The code framework which will model and simulate a swarm of vehicles showing default behav- iours which keep them in motion, together as well as collision-free is provided to you. All vehi- cles have a local “charge” to keep them “alive”. For physical reasons yet unknown, the vehicles replenish their charge to full by passing “energy globes” in close proximity. Vehicles which run out of charge mysteriously disappear. Vehicles constantly consume a little bit of energy to keep their on-board systems running, and consume more substantial amounts of energy when ac- celerating or decelerating.
Sensors, Actuators &
Communication
Each vehicles is operated by a dedicated task which has access to local sensors, com- munication interfaces and actuators.
The sensors include position, velocity and
acceleration as well as current charge. If the
vehicle is close enough to one or multiple en-
ergy globes to utilize them, the sensors also
display the position and current velocity of all close energy globes.

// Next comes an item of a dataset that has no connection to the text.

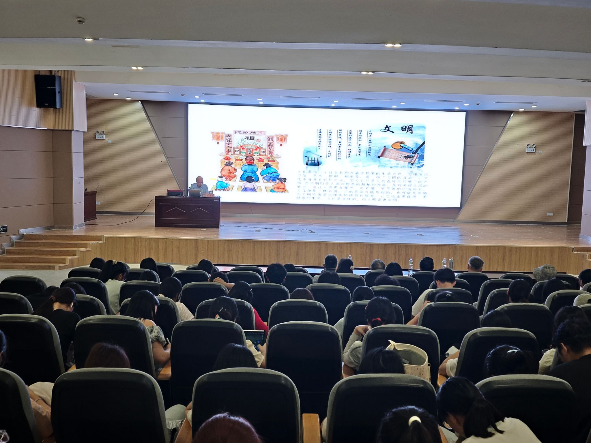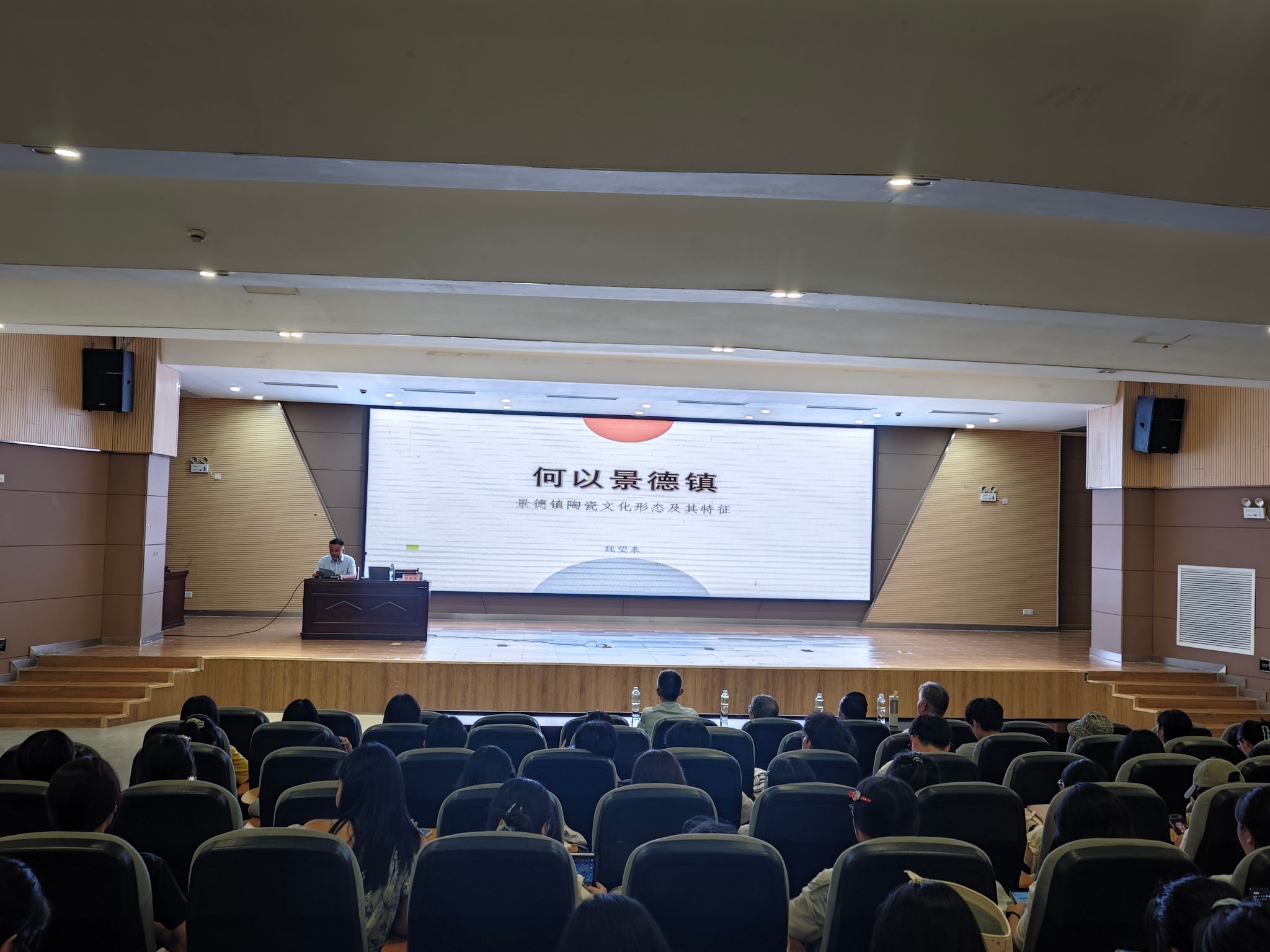 为助力景德镇市世界文化遗产申报工作,在广大青年学子中厚植传统文化根基,10月17日下午,外国语学院邀请学校关工委报告团成员魏望来教授在图文报告厅为师生开展“传承千年文脉,申遗路上有我”系列讲座之“何以景德镇——景德镇陶瓷文化形态及其特征”专题讲座。校关工委主任舒超英,副主任曹品生、蔡新安出席。外国语学院党委书记程立新、辅导员蒋念以及学生代表共计200余人聆听讲座。讲座由学院党委副书记黄华主持。

The actuator system consists of setting an absolute destination position and throttle value. The underlying cruise control systems automatically handles the steering and acceleration. Once the destination point has been reached the throttle automatically switches back to idle which means that default swarming behaviour takes over. The vehicles do not slow down when ap- proaching the destination point and rather pass through the destination point. This helps to keep the controls fluent and the vehicles in motion. Collision avoidance reflexes are always ac- tive and prevent vehicles from crashing into each other. Note that destinations might become unreachable, if multiple vehicles are bound for the same destination.

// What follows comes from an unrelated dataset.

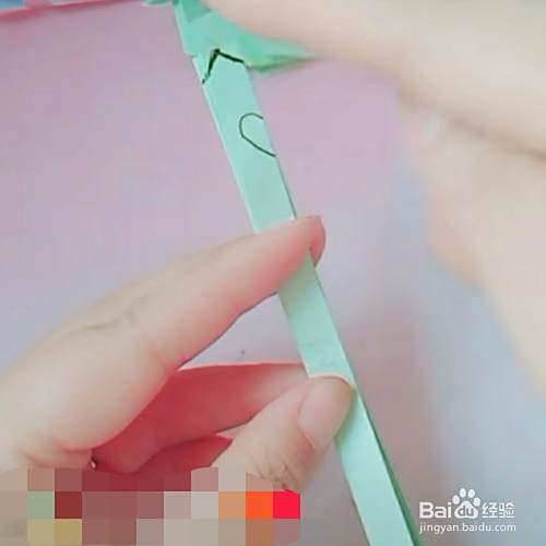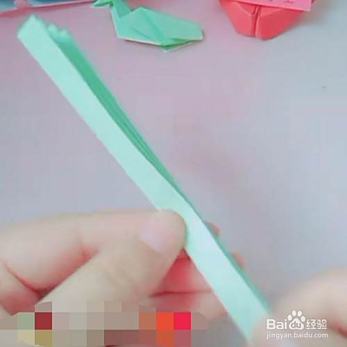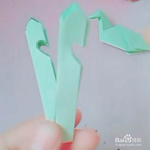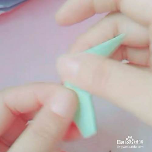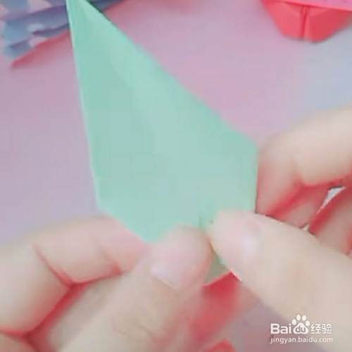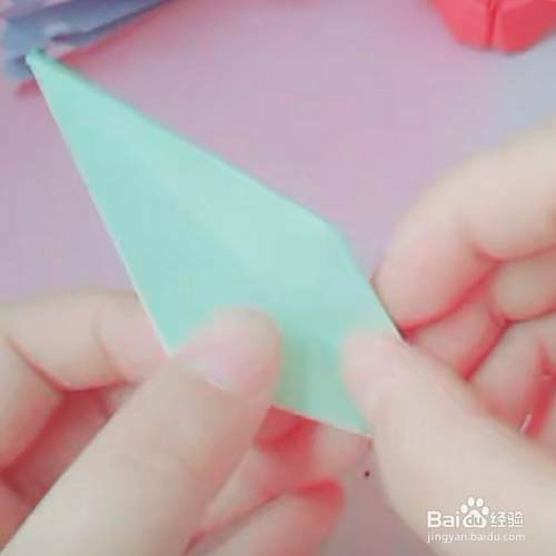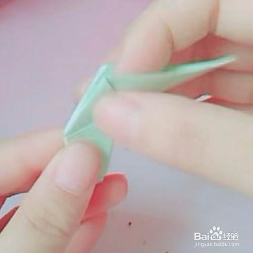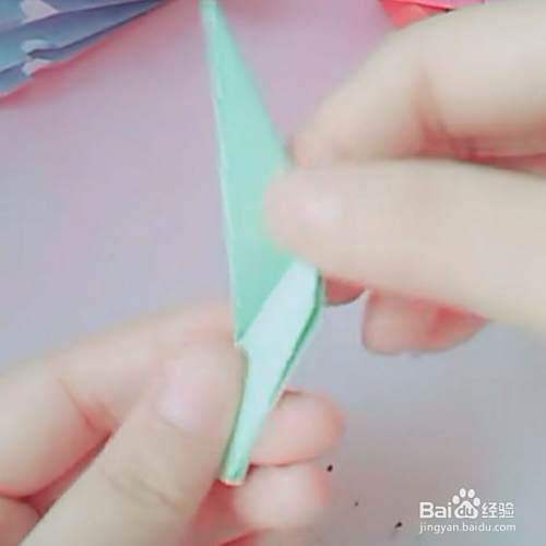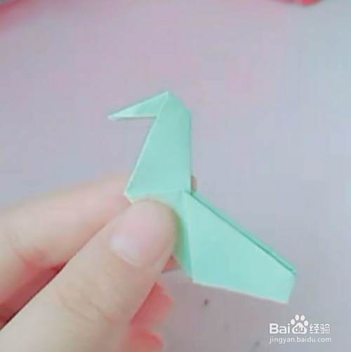 第四,把顶角如下图所示,微微向里折一下,这样一只可爱的孔雀嘴就做好了。

The vehicles are also equipped with a message passing system which allows to broadcast a message which will be received by all vehicles in close proximity. This is asynchronous and there is no feedback whether any message has been received by any vehicle – unless another vehicle actively sends a message in response of course.

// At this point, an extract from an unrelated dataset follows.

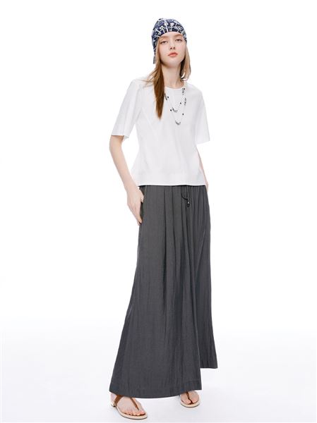M+ | 絲光空氣感立體抓褶寬褲-深灰

Finally there is also a function which allows direct access to the underlying, secret clock of the world. Wait_For_Next_Physics_Update will put the task to sleep until anything actually hap- pened (which includes communication). This relieves the vehicles from busy waiting on the world to change.
All the above controls are found in Sources/Vehicle_Interface/vehicle_interface.ads. 1 | ANU College of Engineering and Computer Science September 2019

The Animation
The provided graphical animation of the swarm offers third person views as well as the view from one of the vehicles while it is passing through the swarm. The communication range can be visualized by drawing connecting lines between all vehicles which are currently in commu- nication range. The colours represent their charging state as well as the control state. Turquoise vehicles are currently following their swarming instincts are not explicitly controlled by the as- sociated task. The colour saturation reflects the level of charge. Once vehicles go into manual control (throttle and destination is set) they turn to a more red colour schema. The energy globe(s) are dark ruby coloured spheres.
Design Constraints
The final solution which is requested from you should be deployable on actual vehicles. Hence
only the provided interfaces to physical sensors and forms of communications are allowed. “Looking underneath the hood” is still encouraged of course if you want to see how such a
simulation can be implemented on a computer system. Bypassing the provided interfaces and using information from inside the simulator is obviously counterproductive for any future physi- cal deployment and hence not allowed. Nevertheless the first stage of the assignment will allow you to introduce additional means of communication which can not necessarily be physically implemented.
Timing Constraints
All calculations inside the vehicle tasks have an implicit deadline given by the update from the underlying physics engine. This deadline is not hard as seen by the local tasks, yet many tasks overrunning this deadline concurrently will slow down the simulator. Simulated time is not af- fected by this – only the update time intervals will become larger.
Design Goals
The overall design goal is to keep as many vehicles alive as possible for as long as possible. As energy globes can only be discovered locally, communication is required, as well as coordina- tion between the vehicles as all swarm members heading for the some destination at the same time will not lead to many of them making it there.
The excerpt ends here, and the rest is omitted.